On December 27, 2018 I pulled out my massive white board and began to write my “Pre-2019 Plan”. This plan was created to ensure that I was mentally, physically, emotionally and spiritually prepared for the new year. No, I didn’t have much time since the new year was quickly approaching but once school was out for break, I finally had the opportunity to go into “goal-setting” mode. The plan was mostly a posting schedule for my blog and social media platforms along with scheduled time to focus on writing. After I finished writing out my “Pre-2019 Plan” I made a list of goals for the 2019 Calendar year. The list contained these goals and many more:
1. Workout consistently
3. Write everyday.
5. Submit my book to publishing companies.
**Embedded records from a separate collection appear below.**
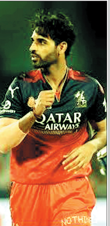
भारतीय तेज गेंदबाज भुवनेश्वर ने शानदार गेंदबाजी कर झपटे 3 विकेट

नई दिल्ली, 27 अप्रैल. इंडियन प्रीमियर लीग 2026 के मुकाबले में रॉयल चैलेंजर्स बंगलुरु ने दिल्ली कैपिटल्स को 9 विकेट से हराते हुए शानदार जीत दर्ज की. नई दिल्ली के अरुण जेटली स्टेडियम में खेले गए इस मैच में दिल्ली की टीम पहले बल्लेबाजी करते हुए महज 75 रन पर सिमट गई. जवाब में बंगलुरु ने 6.3 ओवर में एक विकेट खोकर 77 रन बनाते हुए मुकाबले को पूरी तरह एकतरफा बना दिया. टॉस हारकर बल्लेबाजी करने उतरी दिल्ली कैपिटल्स की शुरुआत बेहद निराशाजनक रही. टीम ने पावरप्ले में ही अपने छह विकेट गंवा दिए और सिर्फ 13 रन बना सकी, जो आईपीएल इतिहास में शुरुआती छह ओवरों का सबसे कम स्कोर है. शुरुआती झटकों के बाद टीम संभल नहीं पाई और लगातार अंतराल पर विकेट गिरते रहे. मध्यक्रम में डेविड मिलर और अभिषेक पोरेल ने कुछ हद तक पारी संभालने की कोशिश की, लेकिन यह प्रयास ज्यादा देर तक टिक नहीं पाया. मिलर 19 रन बनाकर आउट हुए, जबकि अन्य बल्लेबाज भी बड़ी पारी खेलने में नाकाम रहे. अंततः पूरी टीम 16.3 ओवर में 75 रन पर सिमट गई. दिल्ली की इस खराब बल्लेबाजी के पीछे बंगलुरु के
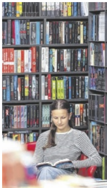
Schmökern ist nur ein Teil der Langen Nacht der Bibliotheken.
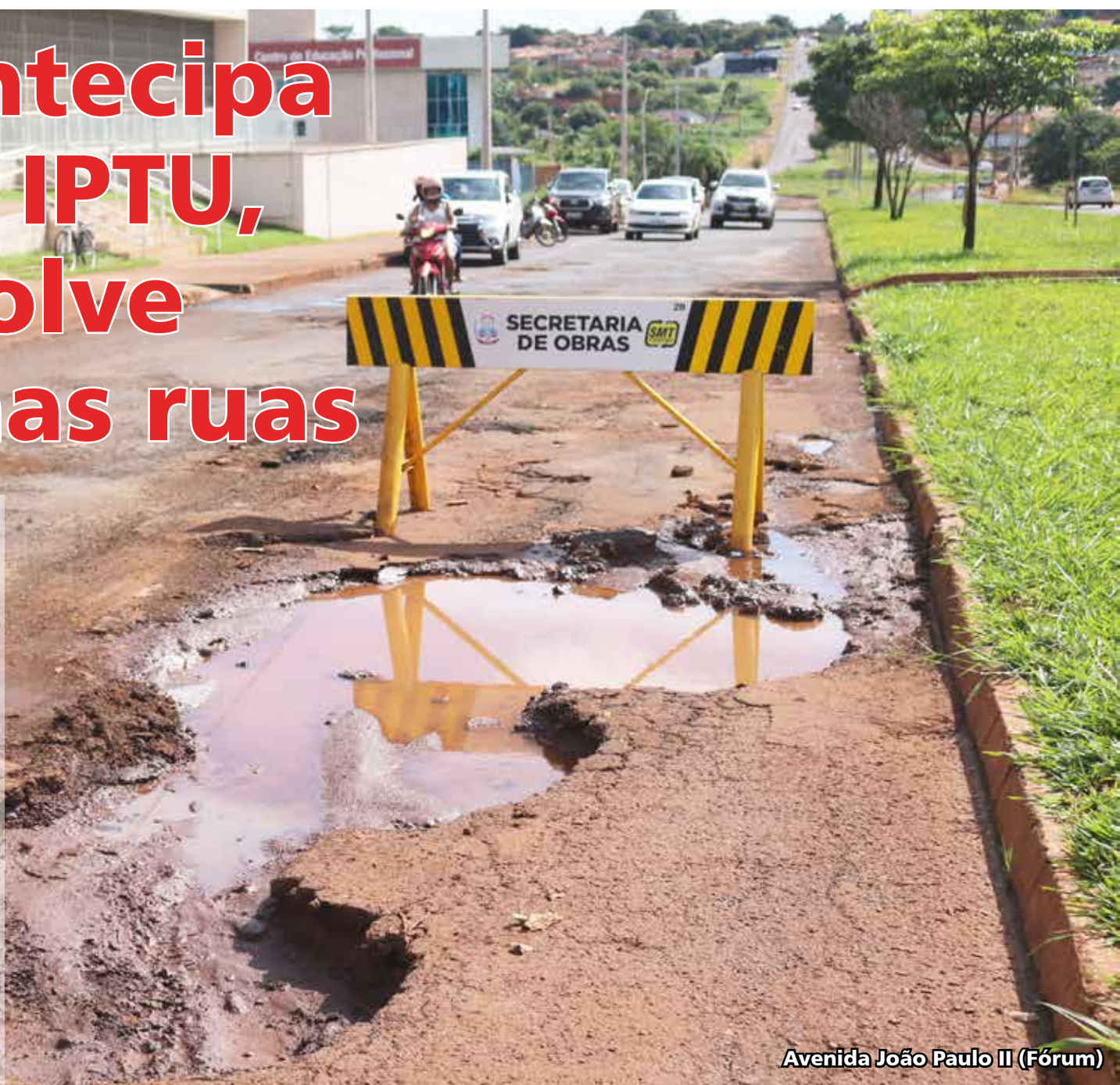
Avenida João Paulo II (Fórum)

Muitas ruas estão intransitáveis, como a Cachoeira Dourada (Brasília), Peru e Marrocos (Ladário Cardoso), Emanuel Xavier (Jardim Bandeirantes) e Vitalino Goulart (Santa Inês), esta última interditada pela própria Prefeitura. A população cobra uma resposta da Prefeitura para os problemas e espera que sejam resolvidos com a mesma rapidez da sanha arrecadatória.
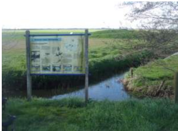
Uitzicht over de “Trilvenen”.
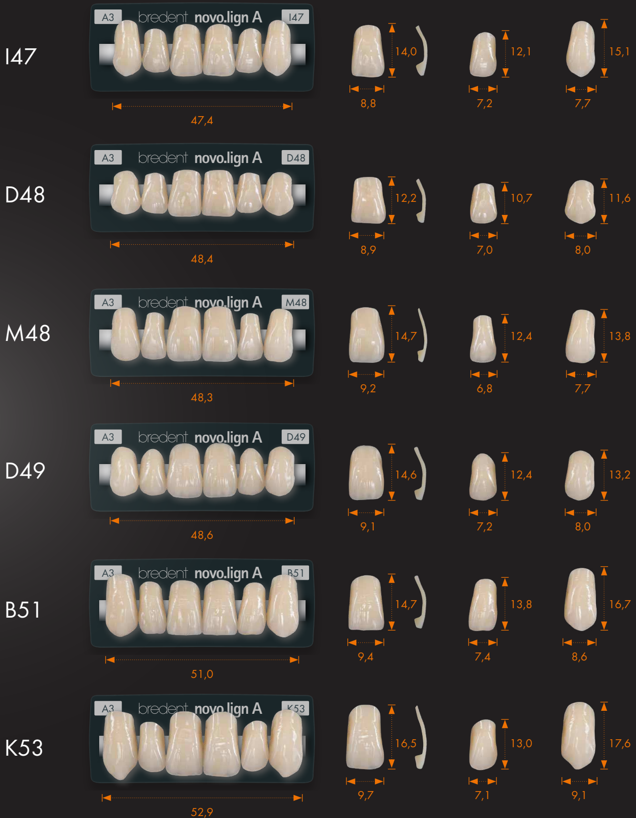
Imagen 1:1, medida en mm

Grosor de la faceta en la zona cervical y zona central de 1 mm
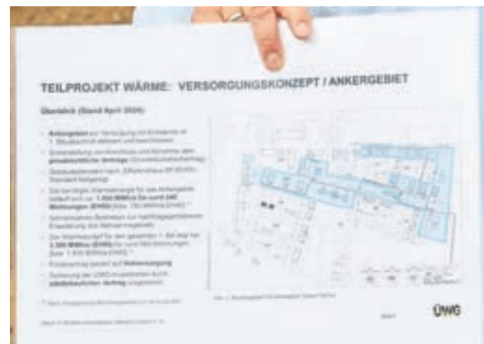
Auch zur geplanten Nahwärmeversorgung in dem entstehenden Baugebiet „Köllsche Gärten“ gab es viele Infos.

Im Anschluss daran informierte der Bürgermeister die Fraktion über die geplante Nahwärmeversorgung in dem entstehenden Baugebiet „Köllsche Gärten“. Diese umweltfreundliche Energieversorgung ist Teil der nachhaltigen Entwicklungspläne der Gemeinde und soll dazu beitragen, den CO 2 -Ausstoß zu reduzieren und die Energieeffizienz zu erhöhen. Das geplante Neubaugebiet hat eine Fläche von 13 Hektar. Dieses Gebiet wird zukünftig rund 1000 neue Bewohnerinnen und Bewohner nach Stockstadt bringen und somit die Gemeinde erheblich vergrößern. Darüber hinaus besteht die Möglichkeit, das Neubaugebiet, um weitere 16 Hektar zu erweitern, was zusätzliche Entwicklungsmöglichkeiten für die Zukunft bietet.

7. Submit poems and short stories for competitions every month
8. Read more frequently
9. Save “undisclosed amount” (I can’t share all my secrets)
10. Get into Grad School
11. Get a real job
I never make New Year resolutions, I make New Day resolutions. I don’t like to be confined to a calendar year since growth is constant and I like being able to change directions when necessary. However, I do like to make markers (attainable short term-goals) because I like to check boxes off. I like being able to monitor my own growth, even if the progress I make is only something I notice.
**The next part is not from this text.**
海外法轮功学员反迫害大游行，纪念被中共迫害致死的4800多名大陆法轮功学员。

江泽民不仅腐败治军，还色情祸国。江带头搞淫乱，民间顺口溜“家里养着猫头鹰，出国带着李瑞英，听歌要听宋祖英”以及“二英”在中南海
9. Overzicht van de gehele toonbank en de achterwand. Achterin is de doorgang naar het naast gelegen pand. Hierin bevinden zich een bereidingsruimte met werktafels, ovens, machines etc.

Well we’re more than halfway through 2019 and looking back at some of these goals I have to laugh. During finals week and while preparing for graduation, I didn’t even look at the gym, so I fell off the “workout everyday” wagon. I haven’t been motivated to write (these blog posts are sometimes the only things I write all week) so I definitely didn’t accomplish the “write everyday” goal.
I’ve come to a lot of realizations that have the potential to make me feel like a failure but as I look back over the year, standing on the shore of my life, I am grateful. Grateful that I live a life that ebbs and flows, fluidity is beautiful. I will not always be able to produce the results I expect but I will always be capable of being my best self. There will be moments when I’m not “on my grind” or “in my bag” followed by seasons when I am the bag and all I do is grind. It’s an amazing feeling to stand at the shore of my own life, seemingly frozen in time, and reflect on how the various phases molded me into exactly who I’m meant to be.
This is true for all of us. Since life ebbs and flows, sometimes a break or an opportunity to reflect is what we need to remind us of how far we’ve come. That pain you felt 3 years ago? Remember when you thought you’d never heal from it? Now looking back at those scars, the ones you intentionally treated with gentleness and care, aren’t you grateful for growth? Aren’t you grateful for mindful healing? I know I am. As I stand at the shore of time, I can’t help but be appreciative of the way it all ebbs and flows.